Welcome to laughter lines. We will be sharing some of our favourites from the archives over the next few weeks.
Check out Debby’s column here on Smorgasbord D.G. Kaye Explores the Realms of Relationships 2020
Now something from Sally
Ancient Mummy discovered..
An archaeologist was digging in the Negev Desert and came upon a casket containing a mummy. After examining it, he called the curator of a prestigious museum.
“I’ve just found a 3,000 year old mummy,” said the archaeologist. “It’s a man who died of heart failure.”
“Bring it in,” said the curator. “We’ll check it out.”

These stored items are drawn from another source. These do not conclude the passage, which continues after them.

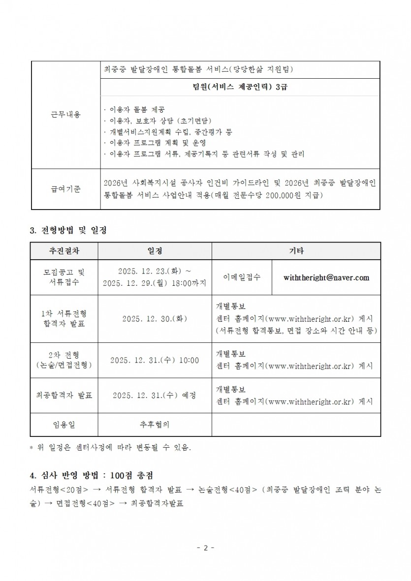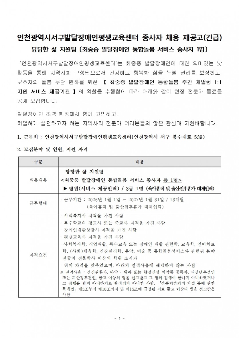 [긴급]종사자 채용 재공고(최중증 발달장애인 통합돌봄 주간 개별형 1:1지원 서비스 종사자_출산전후휴가 및 육아휴직 대체인력) 페이지 정보 작성자 최고관리자 작성일 25-12-23 15:36 조회 36회 댓글 0건 첨부파일 파일 붙임_긴급종사자채용공고문통합돌봄서비스 지원인력_인천광역시서구발달장애인평생교육센터_이력서포함.hwp (159.0K) 1회 다운로드 DATE : 2025-12-23 15:38:18 본문 다음글 목록
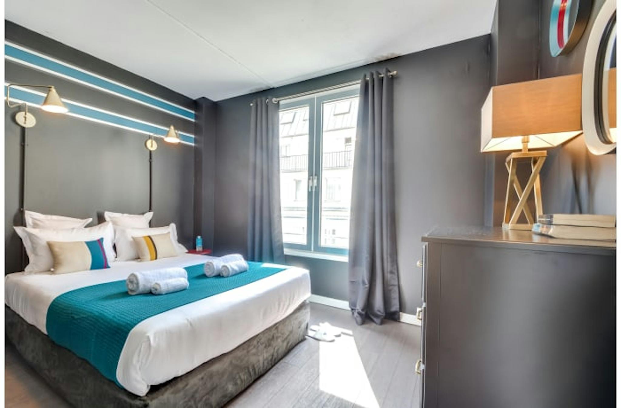 Inspired by the blue-and-gold glamour of Versailles, our local interior designer has designed a space that will make you feel like royalty. Flowing drapery, rich colors, and hanging mirrors give this apartment an exotic elegance, and huge windows fill the space with light. A fully equipped kitchen offers everything you need to prepare a French feast. Premium amenities include free WiFi, cable TV, hotel beds and linens, luxury toiletries, and a Nespresso machine.
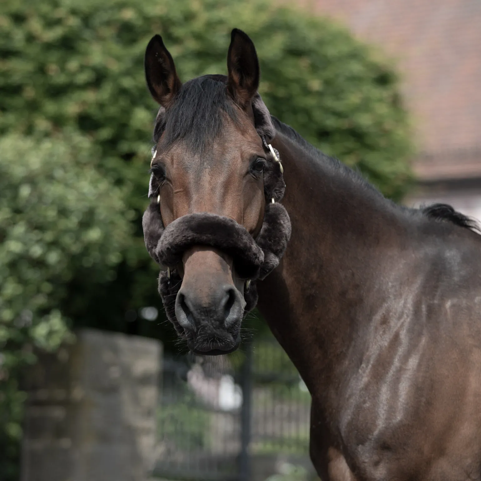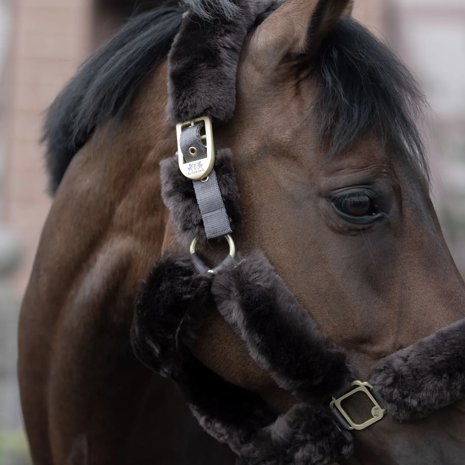 B Vertigo Tremblant grime er heldekket med luksuriøs, ekte saueskinn for å svøpe hestens hode i komfort, og gi det ultimate klassiske utseendet.Spenner ved nakken justeres for ideell passform, og klips-krok som gjør den enkel å ta på.Messingspenner matcher pelsen perfekt og gjør utseendet komplett.
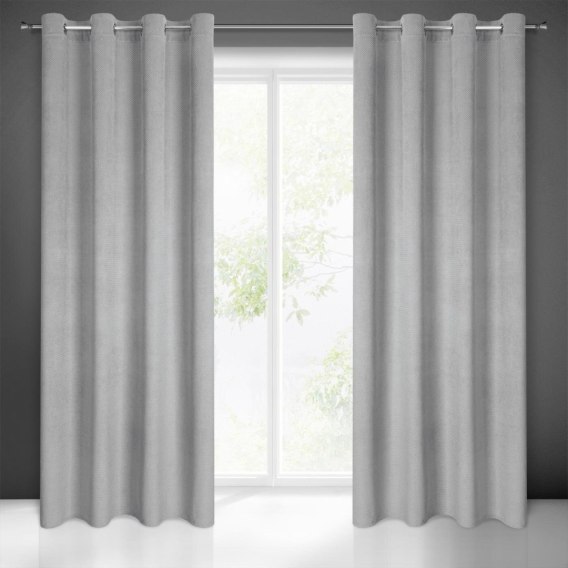 Lekka. welwetowa zasłona z miękkiej tkaniny o subtelnym połysku. charakterystycznym dla welwetów. Miękko się układa. Prasować na lewą stronę. szerokość: 140 cm. długość: 250 cm. kolor: srebrny. Gramatura: 210 GSM. Skład: 100% poliester
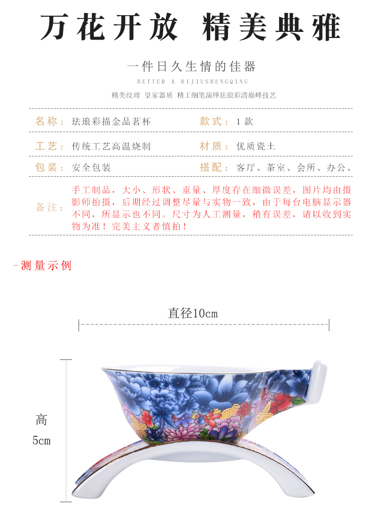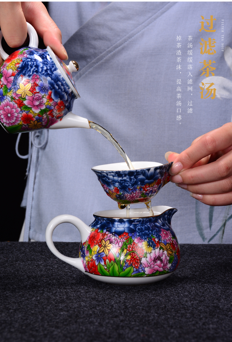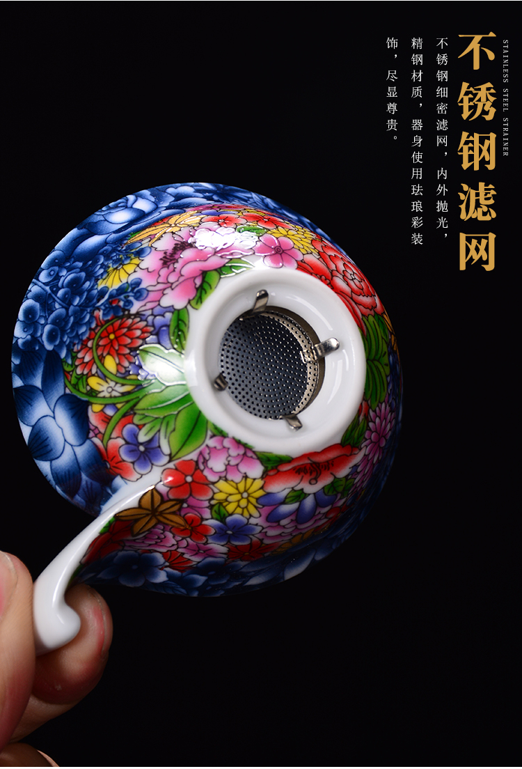 陶生活 景德鎮茶漏茶濾手繪粉彩功夫茶具配件 琺瑯彩茶葉過濾網架1入
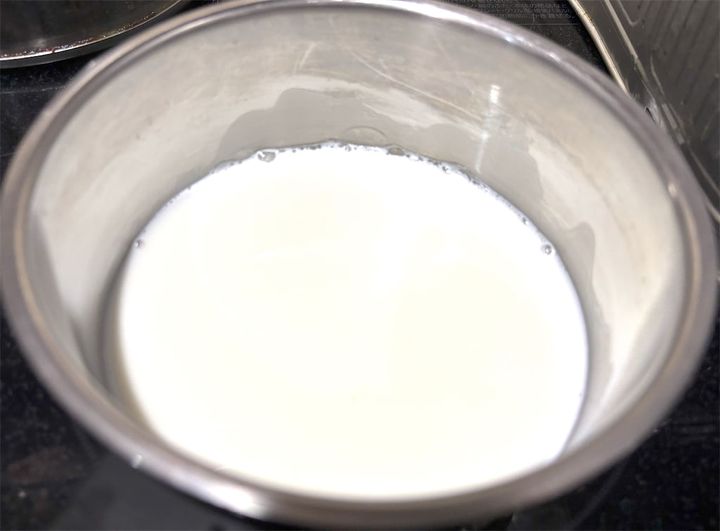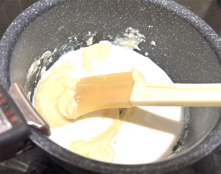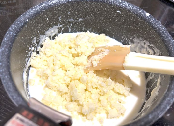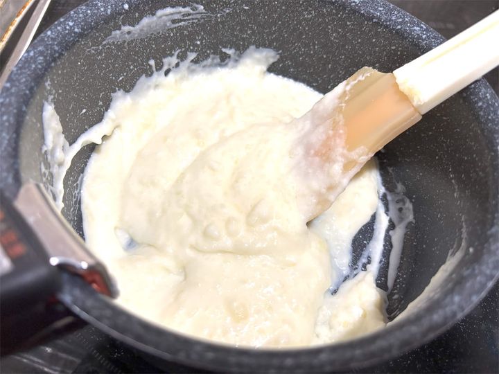 小麦粉がペースト状になるように炒めたら、火から外して1の温めた牛乳を数回に分けて加えます。
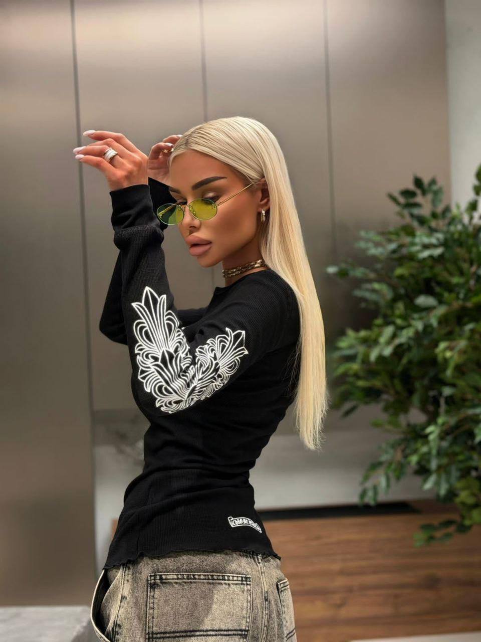Чёрный женский лонгслив Chrome Hearts premium
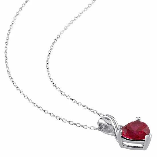 This gorgeous sterling silver lab-created ruby and diamond accent heart twist pendant necklace and earring set is a must-add to your fine jewelry collection.
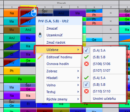 Pri ručnom editovaní rozvrhu toto môžete vidieť v okienku Učebne:
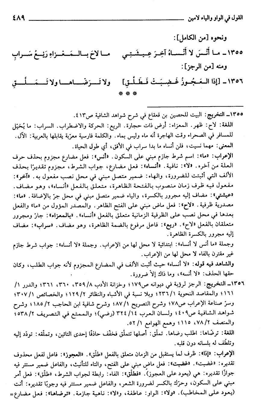 1356 - التخريج: الرجز لرؤبة في ديوانه ص 179؛ وخزانة الأدب 8/ 359، 360، 361؛ والدرر 1/ 161؛ والمقاصد النحوية 1/ 236؛ وبلا نسبة في الأشباه والنظائر 2/ 129؛ والخصائص 1/ 307؛ وسرّ صناعة الإعراب ص 78؛ وشرح التصويح 1/ 87؛ وشرح شافية ابن الحاجب 2/ 185؛ وشرح شواهد الشافية ص 409؛ ولسان العرب 14/ 324 (رضي)؛ والممتع في التصريف 2/ 538؛ والمنصف 2/ 78, 115؛ وهمع الهوامع 1/ 52.
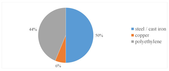 Within TTBTs, the effect of the pipe material is reflected mainly in the value of the pressure wave speed, a. This quantity influences the value of the inserted pressure wave, , and the requirements for the data acquisition system. Precisely, the larger the a (e.g., as in metallic and concrete pipes) and the larger the (for a given velocity change), the larger the sampling frequency needed to capture the behavior of the traveling pressure waves. As shown in Figure 6, the available experiments are shared almost equally between metallic (with very few tests in copper pipes) and polyethylene pipes, whereas no tests have been executed in PVC and concrete pipes. The lack of experiments with PVC pipes can be assigned to the fact that they are usually approximated as the polyethylene ones. The lack of experiments with concrete pipes is due to the fact that almost all available tests have been executed in laboratories where concrete pipes cannot be used because their diameters are usually quite large.

A week later, the amazed curator called the archaeologist. “You were exactly right about the mummy’s age and cause of death,” he said. “How in the world did you know?”
“Easy,” the archaeologist replied. “He was holding a piece of papyrus that said ‘10,000 shekels on Goliath.’
A wife’s opinion.
Two men are discussing what their wives think about them. The first man says. ‘My wife thinks so much of me that she won’t let me do any work around the house.’
The second man says. ‘That’s nothing, My wife thinks I’m a God.’
‘She thinks your a god?’ replies the first man.’ What makes you say that?’
‘It’s obvious. Every night when I get home she places a burnt offering in front of me!’
Thanks for dropping in and we hope you are leaving with a smile on your face… Debby and Sally.